Jan 17, 2014 11:14
Welterklärer
Thilo Bode, der frühere SZ-Korrespondent in Südostasien und Großbritannien, ist tot
Die Tätigkeit des Auslandskorrespondenten gehörte früher zu den Traumberufen. Früher - das war jene Zeit, in der es in Deutschland drei Fernsehkanäle gab, in der das Verreisen im Flugzeug eher ungewöhnlich war, und in der man sich noch nicht mit dem Mobiltelefon durch argentinische Zeitungen und indische Blogs klicken konnte. In diesen Zeiten fungierten die wenigen Auslandskorrespondenten der Rundfunkhäuser und der großen Zeitungen als Welterklärer im Sinne des Wortes.
Thilo Bode war ein solcher Welterklärer. Für die Süddeutsche Zeitung schrieb Bode seit 1959 aus Indien, damals noch unter Pseudonym, weil er eigentlich Korrespondent der Welt war. 1964 siedelte er nach Singapur um, von 1966 an berichtete er exklusiv für die SZ über Südostasien. 1972 zog Bode dann nach London um, wo er bis 1984 über vieles und viele, darunter auch die beiden starken Frauen, Königin Elisabeth und Margaret Thatcher, schrieb und kommentierte.
Bode, noch zu Kaisers Herrschaftszeiten im Februar 1918 in Bochum geboren, trat 1936 zunächst als Offiziersanwärter in die Marine ein. Im Krieg fuhr er erst auf einem Zerstörer, bevor er 1942 zu den U-Booten wechselte. Er gehörte zu den Glücklicheren in dieser Waffengattung, die enorme Verluste zu verzeichnen hatte. Im Mai 1945 übergab der damalige
Kapitänleutnant sein Boot U-858 am Cape May vor der Küste der USA den Amerikanern.
Nach dem Krieg volontierte Bode als 28-Jähriger bei der Schwäbischen Zeitung; später verschlug es ihn zur FAZ. 1952 trat er in den Auswärtigen Dienst ein, den er 1958 in Delhi wieder verließ, um fürderhin als Korrespondent zu arbeiten.
Bode war ein Autor, der die distanzierte und distanzierende Ironie pflegte.
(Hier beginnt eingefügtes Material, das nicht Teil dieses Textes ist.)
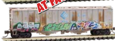
N ADM 3-pack #993 05 720...$109.95
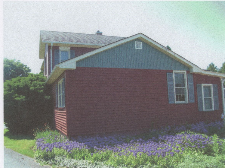
2015 REAR VIEW
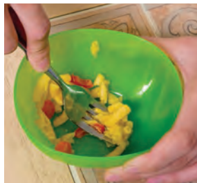
Mashed soft-cooked noodles or rice
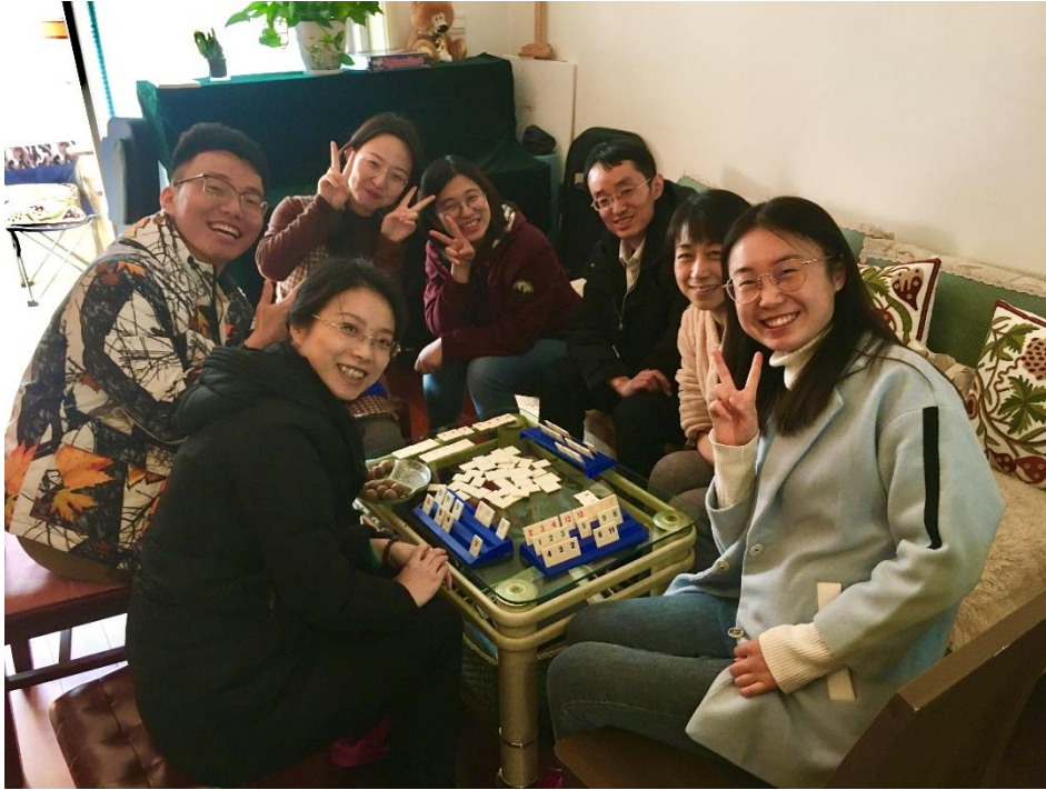
Having fun with some of our Christian family
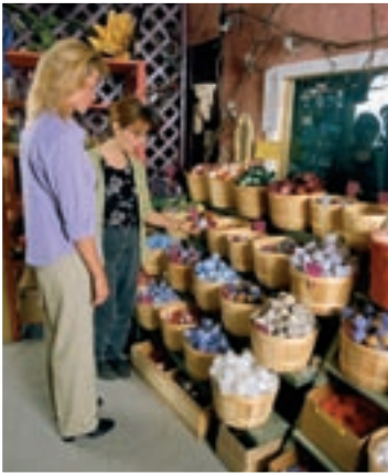
Kokimo Candleland, Castleton

Cross County Road 2 and proceed north along Stoney Point Road until you reach the stop sign. Turn left onto White's Road. Travel this roller coaster road until you reach County Road 26 at the stop sign. Turn right and proceed north along picturesque County Road 26. At the
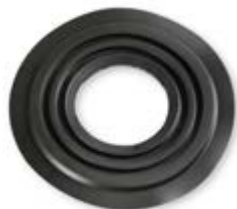
External Valve port 60895
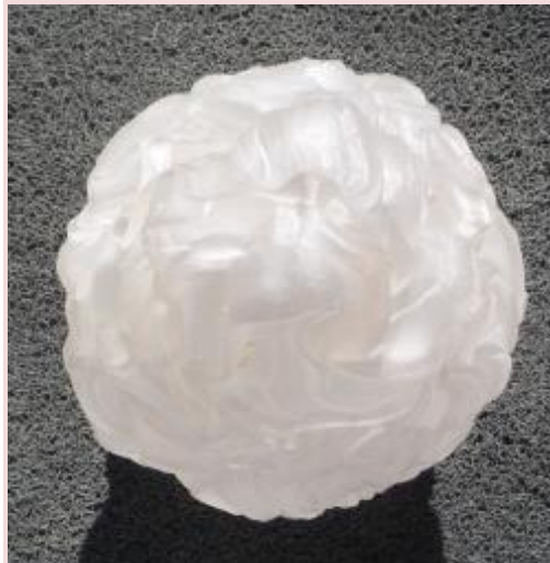
Lamp Top View

Here is a top view of the lamp and again you can see the amazing pattern formed into the glass!
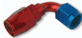
90° Dual Sealing Adjustable Swept Female
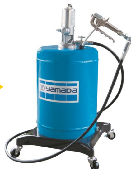
New SKR-55 (SKR-55EX) 881190
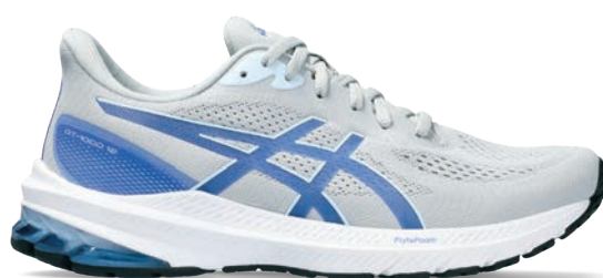
GT-1000® 12 Style #: 1012B450-021 Colour: PIEDMONT GREY/LIGHT BLUE EOL: 05/31/2024
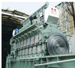
Kawasaki Green Gas Engine

A small binary power generation system (250 kW) developed by Kawasaki began proving operation in May 2010, using heat exhaust from an independent power generation facility utilizing a 5,000 kW-class Kawasaki Green Gas Engine installed at the Kobe Works. A binary power generation system is an energy conserving system that recovers energy from previously unused lower-temperature heat sources, such as heated effluent and exhaust gas, to run turbine generators and create electric power. Because it uses substitute fluorocarbons with low global warming potential and ensures that heat exchangers work at high performance, the compact system is eco-friendly and efficient.
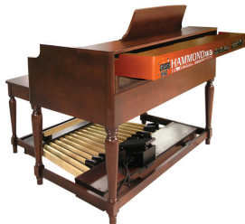
Easily Removable Upper Keyboard (XK-3c)

Introducing the Hammond Mini-B Organ-the spitting image of the legendary B-3, with all the key features found on our B-3mk2 organ like Custom Digital Tone Wheels, Harmonic Drawbars, Chorus Vibrato, Touch Response Percussion, and reverse color Preset Keys. The Mini-B feels and plays just like the classic B-3 organ. With a three year limited product warranty included at no extra cost, the Mini-B is the right organ at the right price for you or your church. Make your dream come true today!
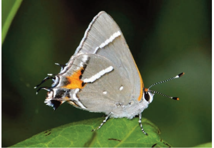
Strymon acis

and other examples. "It's the kind of guide where you must look carefully," says the author with modesty, as he continues the battle to properly organize the many species. "I classified the plants by physical categories and visual characteristics, with sub categories," he explains, finding that provided the simplest clarity. However, in perusing the guide, it is easy to see how quickly one can go down a rabbit hole.
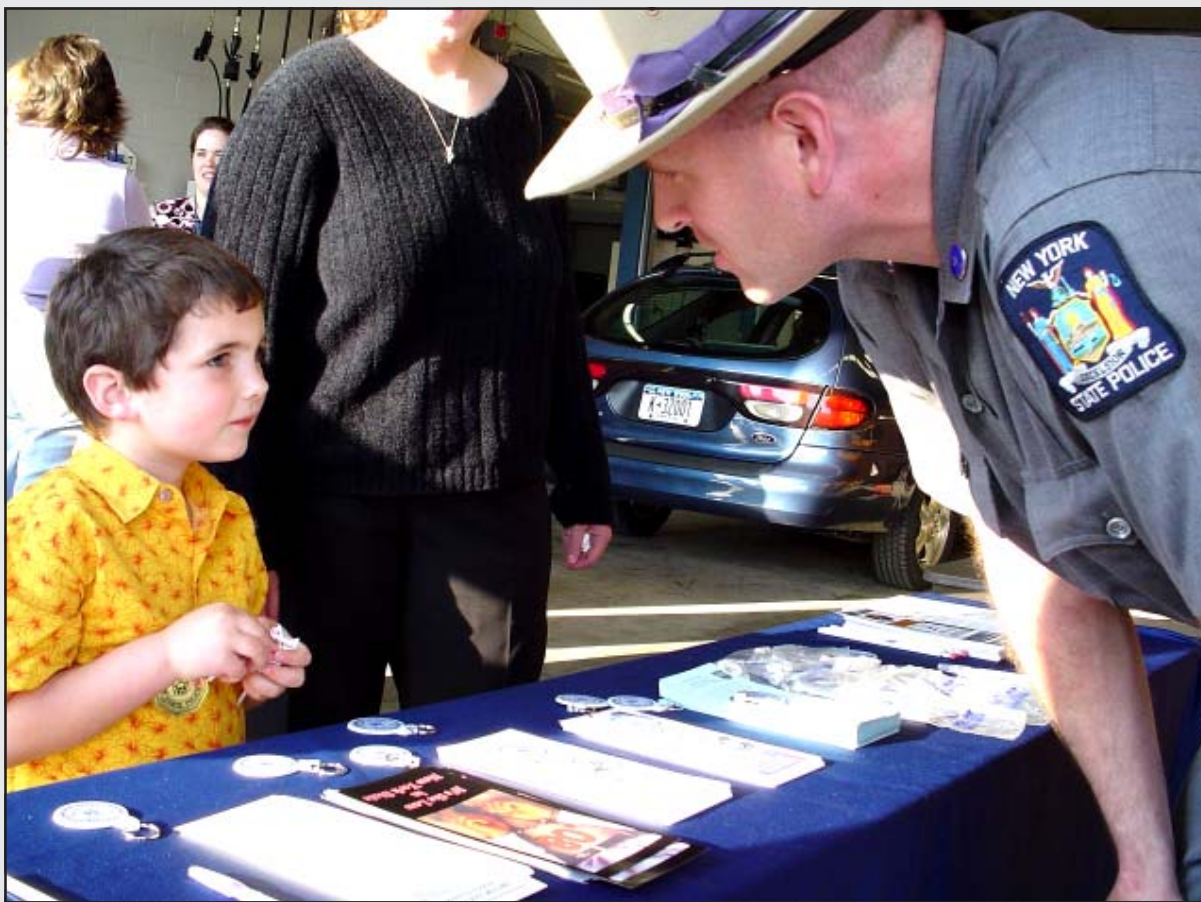
Hundreds enjoyed great weather, a few snacks and the sparkling new OA Transportation Facility May 5. To see more photos from that day, see Page 8.
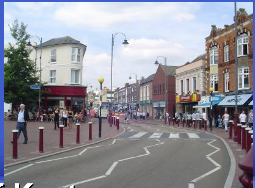
Town of Kent
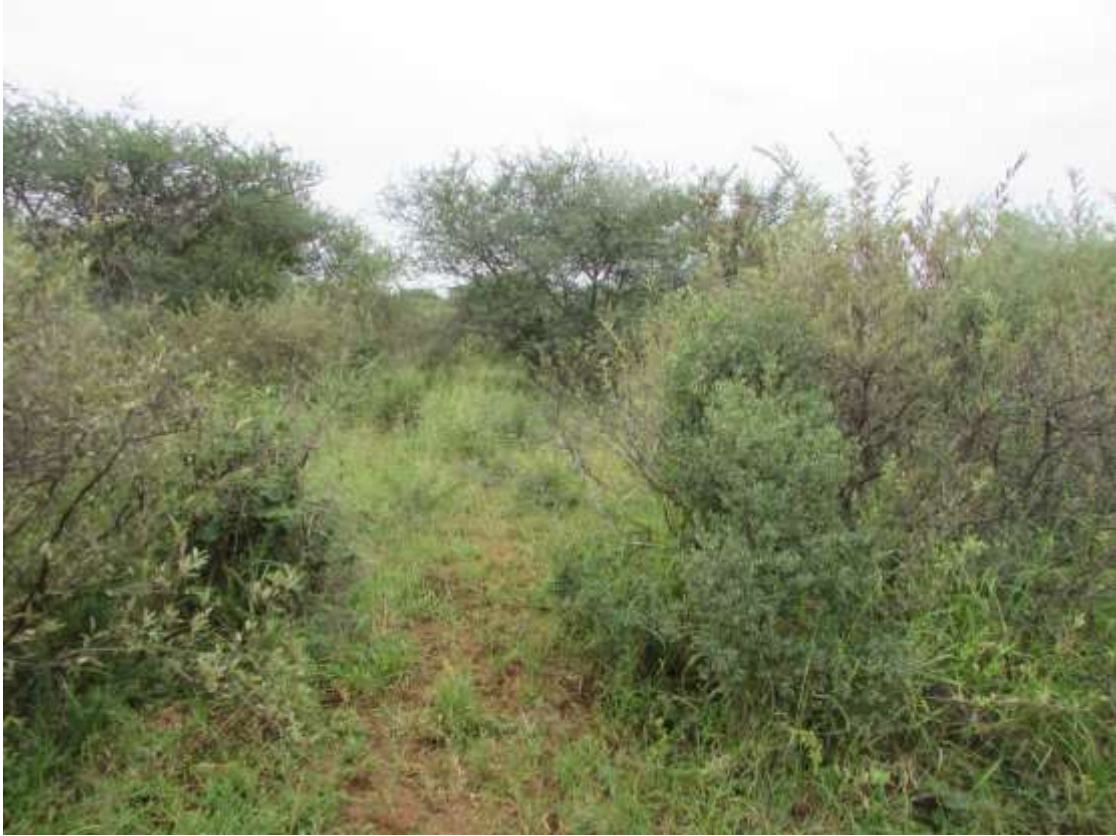
Figure 9: Another view. Note the dense vegetation.
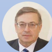
Doctor of Economics, Professor of the Department of Regional Studies and Tourism in Kyiv National Economic University n. a. Vadim Hetman, Honored Worker of Education of Ukraine
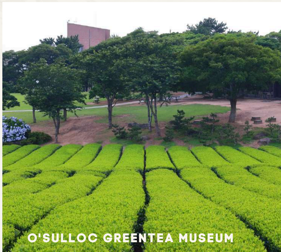
O'SULLOC GREENTEA MUSEUM
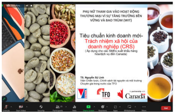
Processed food export readiness training for SMEs in Vietnam
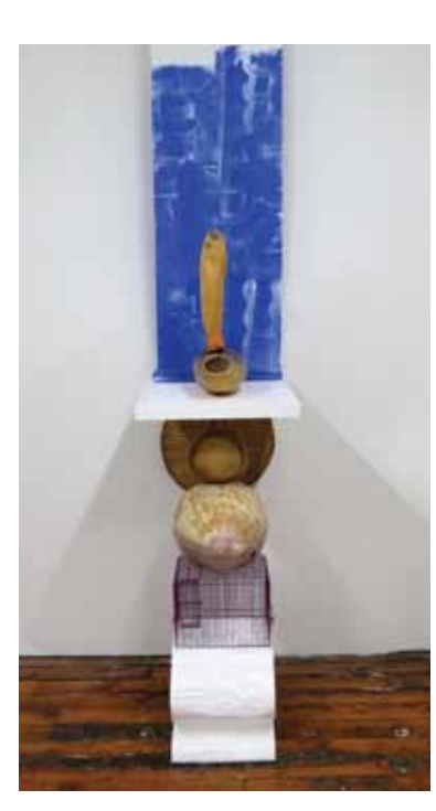
Robert Rhee Second Bird of Passage, 2012

Rhee's Wind Egg gourd sculptures are evocative of ancient ritual and common use. Some are embellished with jewels, sport light bulbs, or are adorned with rich painterly swashes of color. Like a steampunk Brancusi, the work is at once familiar and alien. Rhee's practice deploys formal historic motifs of sculpture, such as the totemic forms of Second Bird of Passage , and the Arp-like forms of the Wind Eggs . They simultaneously engage in deliberately impermanent materials, such as the gourds themselves, that relate to folk and craft applications.
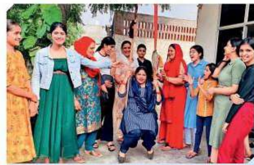
गुर्जर समाज में भी इस पर्व की तैयारियां जोर-शोर से शुरू हो चुकी हैं
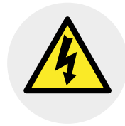
Electric shock risk
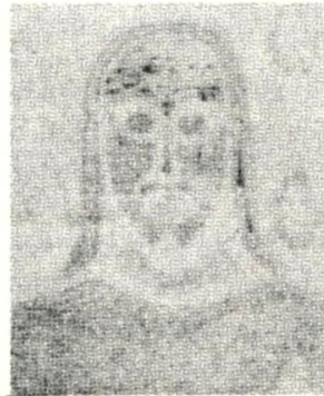
Moncalieri, Turin, 1634
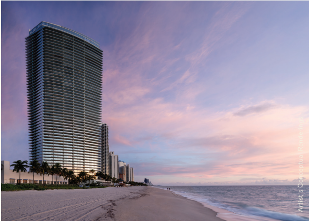
Residences by ARMANI/CASA, Sunny Isles Beach, FL

A breakthrough collaboration of artists, architects, designers, and innovators.
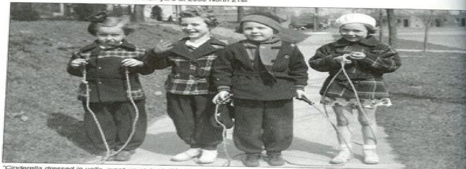
"Cinderella dressed in yella, went up-stairs to kiss her fella, Made a mistake, kissed a snake. How many doctors did it take...1...2...3...?"

Street in 1954 are enjoying the familiar metal set that became popular in the 1940s.
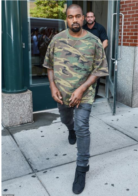
Privacy hawk: Kanye and his wife Kim Kardashian currently live in a similarly minimalist mansion in Calabasas, California, though they didn't share views of the home until Kanye tweeted photos of it in 2018; pictured leaving his old condo in 2015
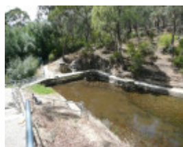
SWIMMING POOL SOHE 2008
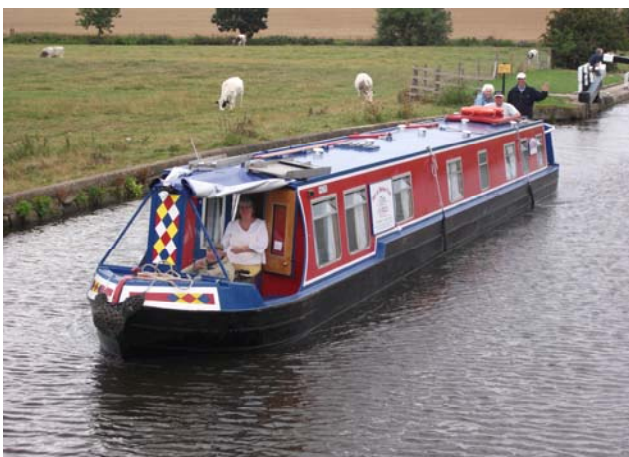
A family cruising on Melody during the Summer. She takes a family or group of up to eight people on a self-hire basis.
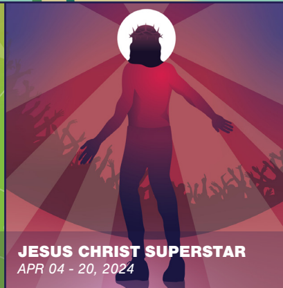
JESUS CHRIST SUPERSTAR APR 04 - 20, 2024
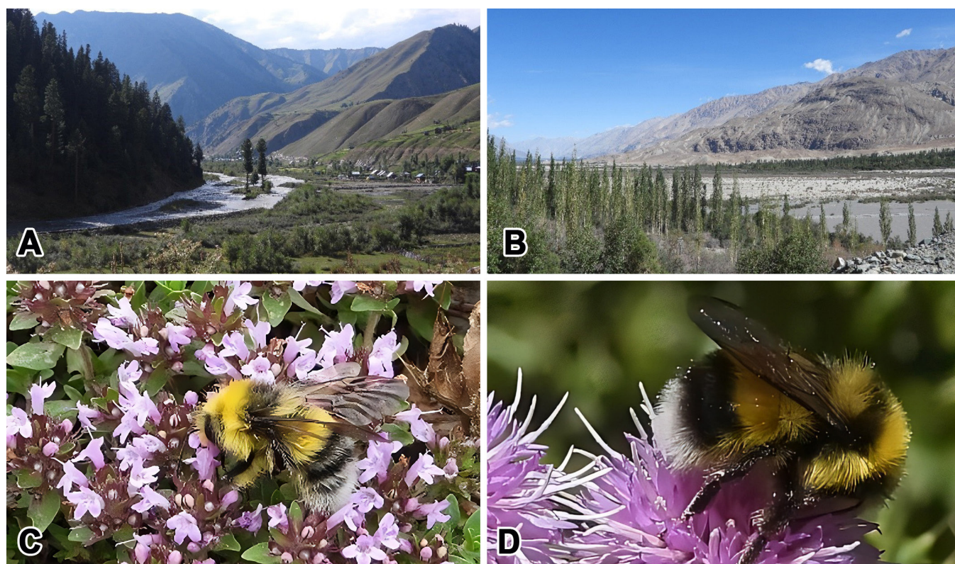
Figure 2. Collection Sites. A. Gurez Valley, 2678 m AMSL; B. Panamik, 3256 m AMSL; C. Bombus cryptarum on Thymus linearis Benth (Himalayan thyme); D. Bombus cryptarum (Fabricius, 1775) on Cirsium arvense (L.) Scop. (Creeping thistle).
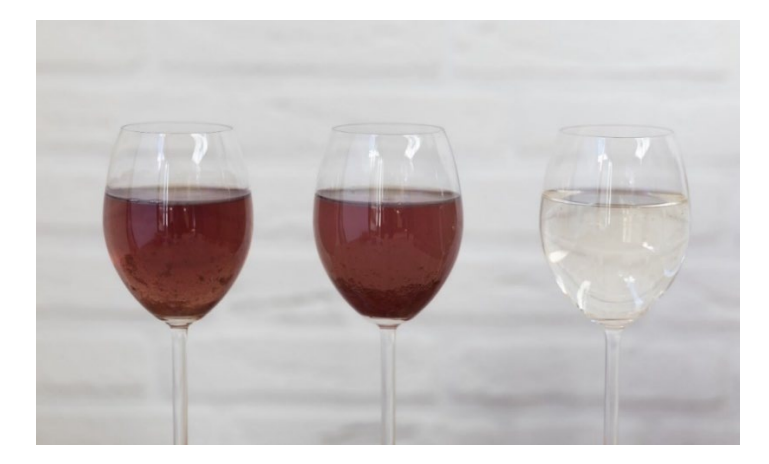
Figure 2 Dark brown precipitation of doxycycline after 24 hours if pH is too high.
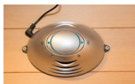
Cabin purification with ionizer
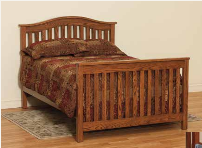
#103 • Full Sized Bed Conversion Kit Includes bed rails, slats, and hardware to easily convert crib into a full sized bed.
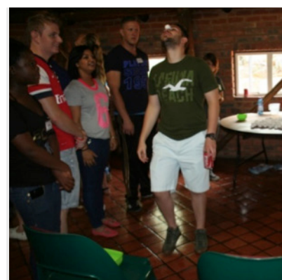
BCom Marketing Management (Honours) students in action on the day
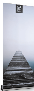
Premium Pull Up
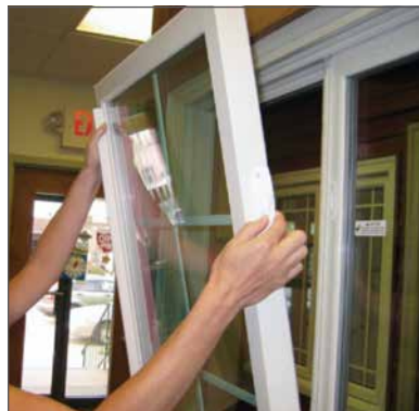
Grip sash and gently pull inward.

NOTE: Always make sure the cam locks are in the “unlock” position.
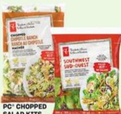
PC™ CHOPPED SALAD KITS PRODUCT OF U.S.A., SELECTED VARIETIES 285-369 G 21378071_EA/ 21378098_EA
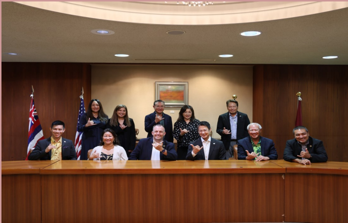
Rep. Sayama with Governor Green, Hiroshima's Governor Yuzaki, and the Delegation of Hawai'i.
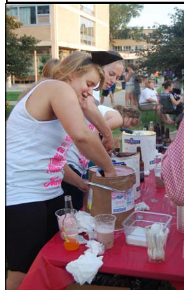
Kappa Floats during Rush Week
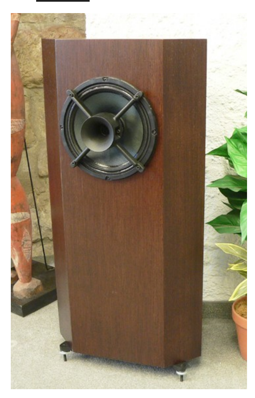
"Bringing back life to music »

B.A.C.H. 10 = Bass Adjustable Coaxial Horn with 10" driver
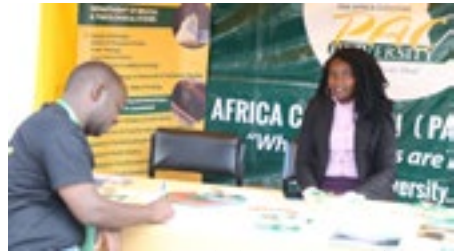
An Exhibition booth during the Conference
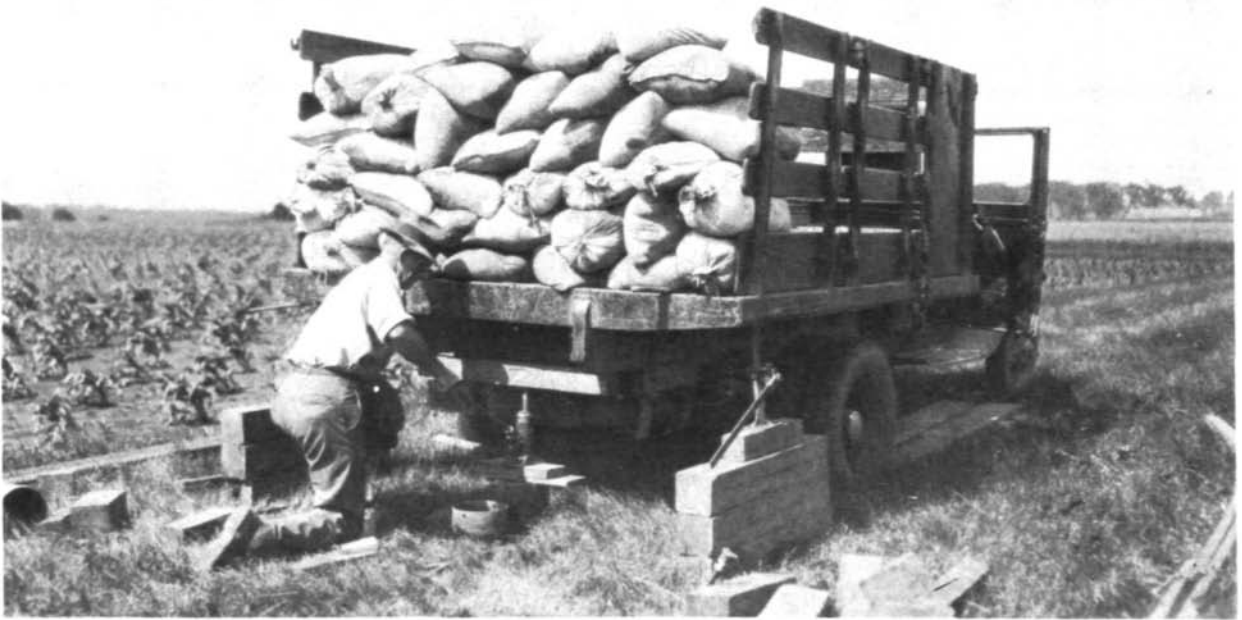
Fig. 1.--Forcing the Cylinders into the Soil.
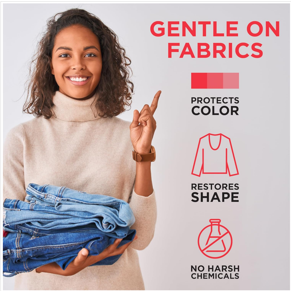
Image: dryel's gentle action on fabrics, protecting color and shape without harsh chemicals.
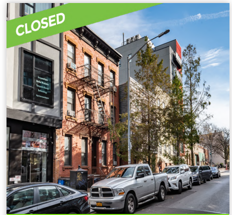
91 N 4th Street
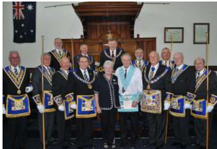
Grand Installing Team and Talbot Lodge Officers.
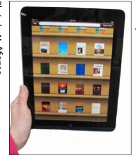
Gary Kalmek roves with iPad
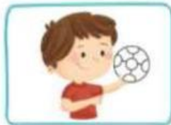
This is a ball.

Er gehörte zu jenen Schreibern, die den spezifischen Stil der SZ vor allem auf der Seite Drei damals prägten. Sein Habitus war der eines Offiziers und Gentleman. Bei Bodes Redaktionsbesuchen kam es gelegentlich zu ironischen, nicht immer unernsten Debatten mit dem damaligen geschäftsführenden Chefredakteur Hugo Deiring. Auch der war U-Boot-Kommandant gewesen, allerdings dienstjünger als Bode, und beide ließen einander gerne spüren, wer wann wem vorgesetzt war.
Nach seinem Ruhestand lebte Thilo Bode in München. Nicht lange vor
seinem 96. Geburtstag ist er nun gestorben.